As I understood from other discussions, some RDBMS (for example SQLite, MySQL) permit "unique" NULL in the primary key.

Why is this allowed and how might it be useful?

Background: I believe it is beneficial for communication with colleagues and database professionals to know the differences in fundamental concepts, approaches and their implementations in different DBMS.

Notes

  • MySQL is rehabilitated and returned to the "NOT NULL PK" list.
  • SQLite has been added (thanks to Paul Hadfield) to "NULL PK" list:

For the purposes of determining the uniqueness of primary key values, NULL values are considered distinct from all other values, including other NULLs.

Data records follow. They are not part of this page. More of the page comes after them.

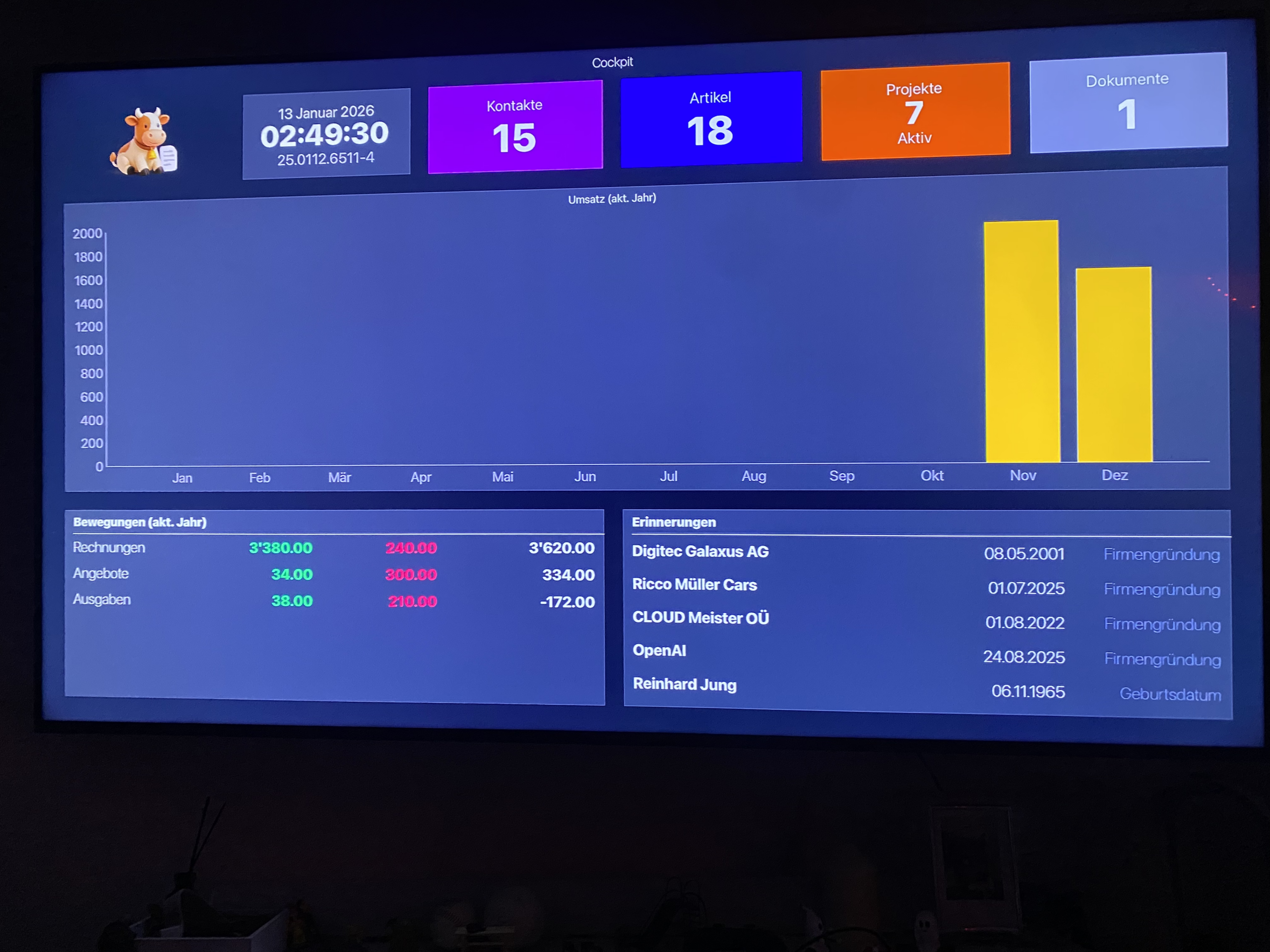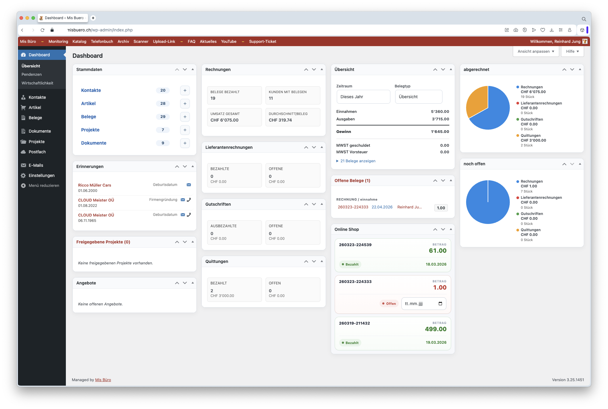 So sieht Dein Dashboard im Alltag aus. Alle wichtigen Zahlen, Rechnungen und offenen Beträge auf einen Blick.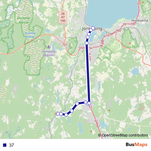The first stop of the 37 bus route is Taberg centrum and the last stop is Jönköping Rådhusparken. 37 is operational during on weekdays.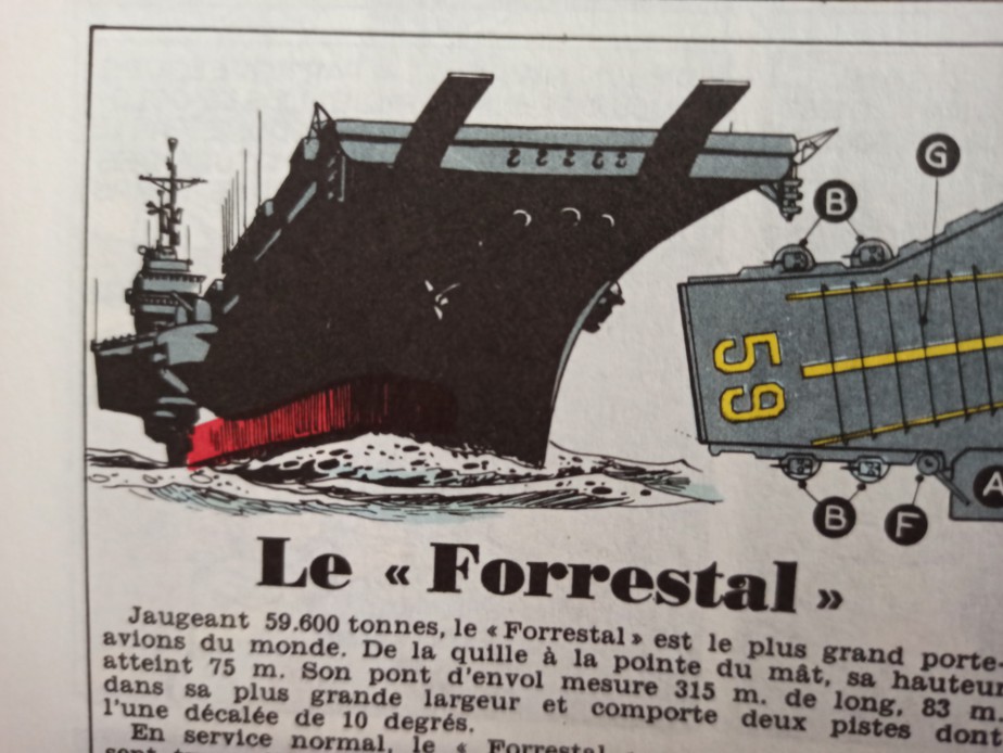 arsen33 a écrit:Le porte avion qui a servi pour ces images est l'USS Forrestal (ou un modèle équivalent). Il possède bien 3 trous/hublots ? à l'avant dans la disposition que l'on retrouve sur le dessin de Franquin et non celui de Seron.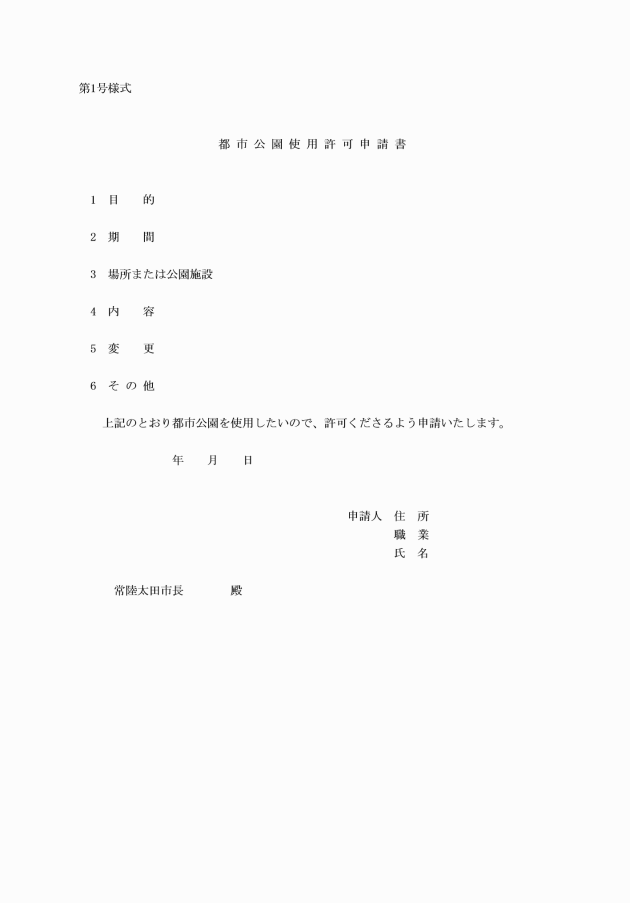 (公園施設の設置もしくは管理または都市公園の占用の許可申請書)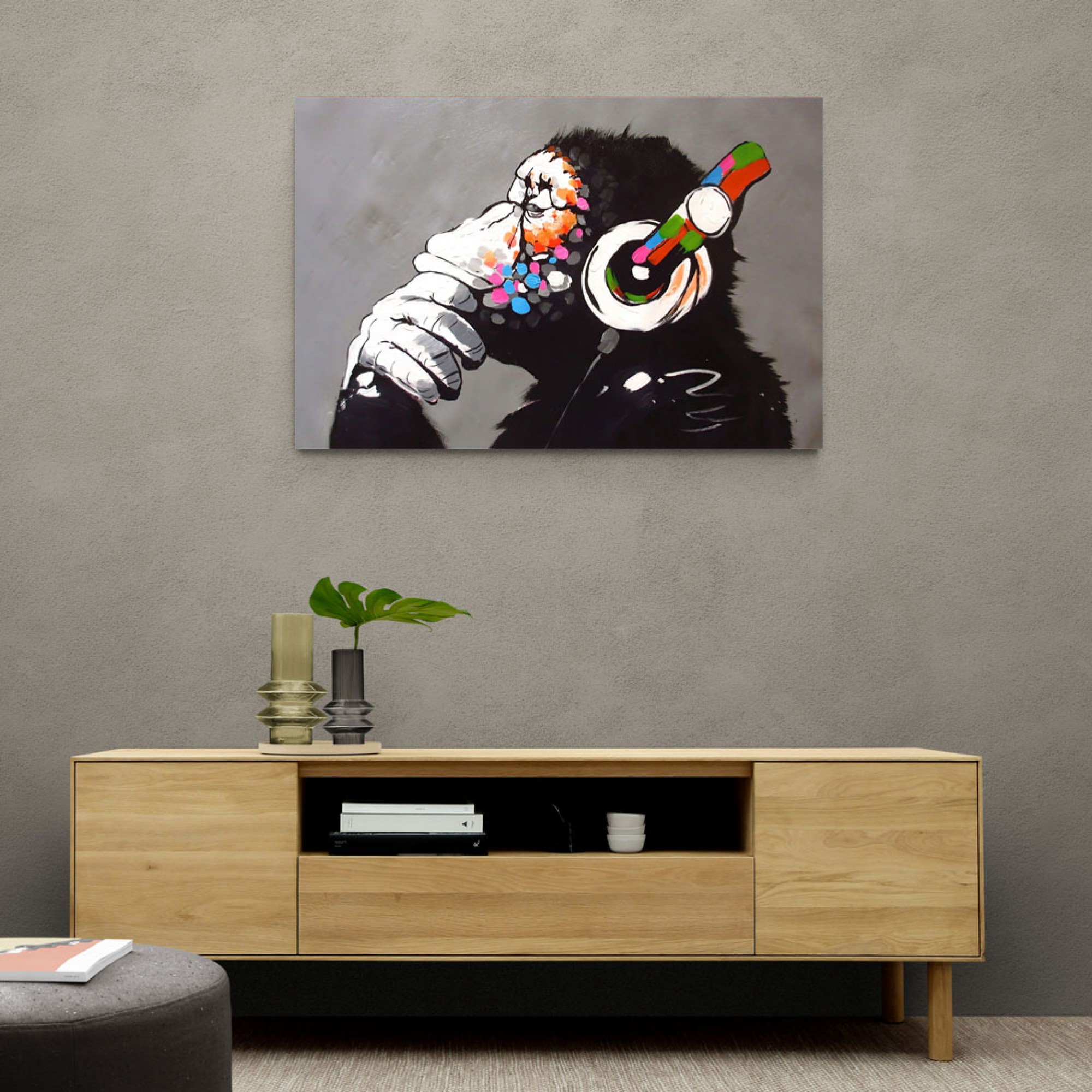 Dj Monkey Wall Art, Banksy Thinking Monkey, Dj Monkey Framed Canvas Dj Monkey Wall Art Encased in a bold black frame, the artwork. Banksy dj monkey wall art poster monkey with headphones canvas paintings wall art picture for living room home decoration. This stunning patrice murciano dj monkey framed print features the signature patrice murciano colour and technique. Schau dir unsere auswahl an dj monkey wall art monkey print an, um die tollsten einzigartigen oder. Dj Monkey Wall Art.

If an INSERT or UPDATE statement attempts to modify the table content so that two or more rows feature identical primary key values, it is a constraint violation. According to the SQL standard, PRIMARY KEY should always imply NOT NULL. Unfortunately, due to a long-standing coding oversight, this is not the case in SQLite.

Unless the column is an INTEGER PRIMARY KEY SQLite allows NULL values in a PRIMARY KEY column. We could change SQLite to conform to the standard (and we might do so in the future), but by the time the oversight was discovered, SQLite was in such wide use that we feared breaking legacy code if we fixed the problem.

So for now we have chosen to continue allowing NULLs in PRIMARY KEY columns. Developers should be aware, however, that we may change SQLite to conform to the SQL standard in future and should design new programs accordingly.